Consider this, you’re a student from a poor, inner-city neighborhood. Your parents barely make enough, and like 61% of Americans, live paycheck to paycheck. You spend your whole childhood under the boot of oppressive poverty.

Then you get the golden ticket, you qualify for substantial student aid, and going to college is now an option. A chance to move up the economic ladder. Your grades are okay, not great, but neither were your teachers. You didn’t get the presidential scholarship, but plenty of others make it worth it.

You made it, and you’re enrolled. It’s registration time for the spring semester. Maybe you need a particular professor, or maybe you have a particular study in mind. Oh, the opportunities.

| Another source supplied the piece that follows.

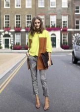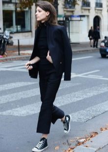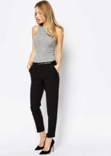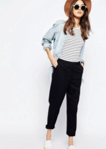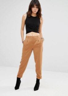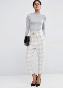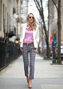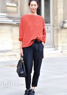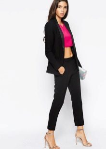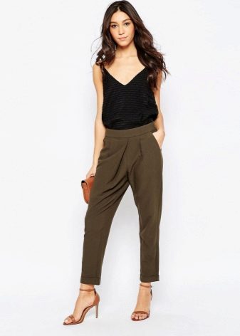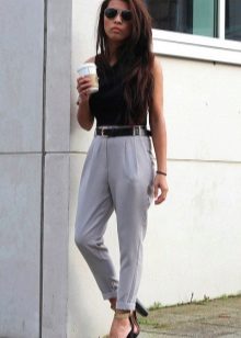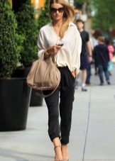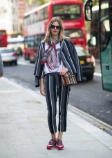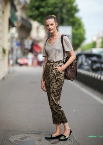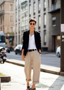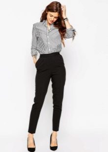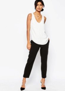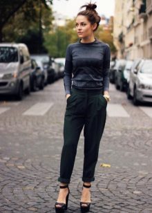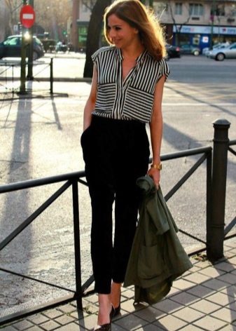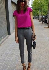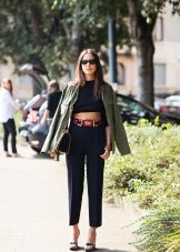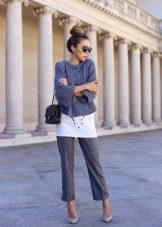 The model is very versatile, it is suitable not only for business, but also everyday or holiday images. In any case, a loose or even voluminous top is preferable for shortened, memorized trousers, which will allow you to maintain the proportions correctly.

What will you choose? It’s too late. Those with priority registration devoured it all. Many of whom are presidential scholars.

Some presidential scholars, of which I’m a part of, feel like royalty. We feel entitled. Presidential scholars have worked hard for their position. Fresh out of high school, those with an unweighted 3.4 to 4.0 GPA qualify. As a reward for their grades, they receive priority registration for classes. But high school grades should not be the factor giving students privileges that hurt others.

High school grades are primarily determined by the conditions of the school itself, independent of the student.

Poverty, crime and unemployment near a school seriously affect the level of education received, conditions that disproportionately affect minorities.

People who come from poorer schools receive worse education and score lower on tests. Their grades cannot be fairly measured against those of more affluent ones.

Are we to then punish people based on these grades? If Montclair State University’s goal is to provide equal opportunities to all students, especially those who are disadvantaged by systemic biases, how can we reckon a system that perpetuates exactly the same?

Montclair State has moved to a registration schedule now determined by your class standing, a policy that places students on a vastly more even playing field.

The unthinking reaction some of us presidential scholars felt was one of privilege. We lashed back that we worked hard for this title. The walls were closing in our little palace and the underclasses stormed in.

But there is no other explanation. If we were truly upset about the administration taking away a privilege we worked hard for; we should have no problem with this new process. Those who work hard, those who have a higher class standing, will be able to register earlier.

The defense of presidential scholars clinging to their priority registration is arguing for the continuation of a system that unfairly hurts others.

Now, let’s continue our story. It’s registration time for the spring semester. You didn’t do too hot in the fall. Your time to register is fairly late. But you can change that. This semester you’ll study hard and get the grades you want. And when it’s time to register again you won’t have to worry about a weak high school education holding you back.